THE LIFE AND CHESS OF PAUL MORPHY                                                                                                                                                                         Falkbeer on Morphy's Memory

 

   Lawson p.120

     Morphy thought little of his success with blindfold play, dismissing it with the remark that  "It proves nothing."  However, in Bretano's Chess Monthly of June 1881, Falkbeer expressed the opinion.

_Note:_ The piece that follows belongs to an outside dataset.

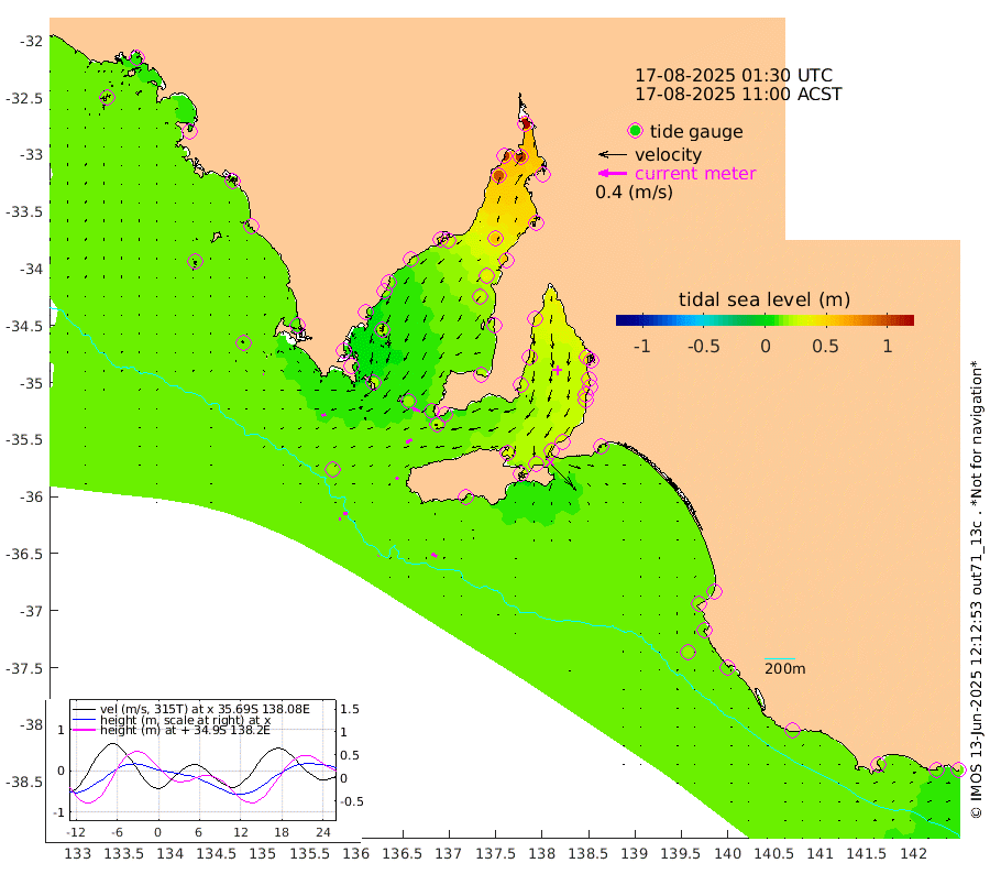 1cm/s -127T +10cm/s rms + 5cm/s 114T. SAM1DS 520m 6cm/s -112T +13cm/s rms + 5cm/s -36T. SAM2CP 100m 5cm/s -92T +21cm/s rms + 18cm/s 142T. SAM3MS 168m 8cm/s -59T +22cm/s rms + 0cm/s -30T. SAM4CY 117m 1cm/s -63T +23cm/s rms + 2cm/s 99T. SAM5CB 94m 9cm/s -114T +8cm/s rms + 3cm/s -172T. SAM6IS 83m 3cm/s -93T +11cm/s rms + 7cm/s 150T. SAM7DS 519m 11cm/s -74T +10cm/s rms + 2cm/s 87T. SAM8SG 47m 4cm/s -142T +20cm/s rms + 12cm/s -168T. NRSKAI 101m 14cm Warrnambool 14cm Port Fairy 15cm Portland 12cm Port Macdonnell 14cm Beachport 15cm Cape Rabelais (off) 14cm Robe 16cm Cape Jaffa 14cm Kingston 17cm Victor Harbor 12cm Vivonne Bay 29cm Kingscote 32cm American River 21cm Penneshaw 29cm Cape Jervis 33cm Second Valley 33cm Port Noarlunga 34cm Port Stanvac 36cm Brighton 35cm Glenelg 37cm Port Adelaide (Outer Harbor) 53cm Angus Inlet (Garden Island) 38cm Ardrossan 31cm Port Vincent 25cm Port Giles 11cm Stenhouse Bay 19cm Althorpe Island 14cm Pondalowie Bay 19cm Point Turton 19cm Port Victoria 24cm Cape Elizabeth 37cm Tiparra Reef Light 54cm Wallaroo 59cm Middle Bank 49cm Port Broughton 111cm Port Pirie 121cm Red Cliff Point (Beacon 5) 103cm Port Bonython 103cm Whyalla 97cm Western Shoal Beacon 41cm Franklin Harbor 30cm Franklin Harbor Entrance Beacon 21cm Arno Bay 17cm Port Neill 18cm Cape Hardy 15cm Tumby Bay 20cm Reevesby Island 11cm Port Lincoln 10cm Taylors Landing 19cm Whalers Bay 15cm Wedge Island Mooring 16cm Shelf Edge Mooring 14cm Coffin Bay Entrance Beacon 12cm Greenly Island 13cm Elliston 12cm Pearson Island 13cm Venus Bay 11cm Blanche Port (Streaky Bay) 10cm Thevenard 17cm St Francis Island

...that memory is the main factor of success in playing blind games. And, of Morphy's gigantic memory, I had the indubitable proof from my own observation at the time he was playing his celebrated match with L÷wenthal. Both opponents had agreed to regard the games as their intellectual private property, not to be published.
     I was at the time editing the Chess Column of the London Sunday Times, and anxious to reproduce them there. In order to obtain the requisite information, I had to apply to one of the contesting parties. I first went to Morphy, who received me most cordially, and declared his entire willingness to dictate to me the last partie, played the day before. I begged him to repeat the game on the board, as I would, in this manner, be better able to follow the progress of the contest. Morphy consented, and, at the 10th move of black (L÷wenthal), I asked him to stop a moment, since it seemed to me that at this particular point, a better move might have been made.  "Oh, you probably mean the move which you yourself made in one of your contests with Drufresne?" answered Morphy in his simple, artless way of speaking. I was startled. The partie mentioned had been played in Berlin in 1851, seven years before, and I had totally forgotten all its details. On observing this, Morphy called for a second board, and began, without the least hesitation, to repeat that game from the first to the last move without making a single mistake. I was speechless from surprise. Here was a man, whose attention was consistantly distracted by countless demands on his memory, and yet he had perfectly retained for seven years all the details of a game insignificant in itself, and, moreover, printed in a language and and description unknown to him. (The game was published in the Berliner Schachzeitung of 1851!)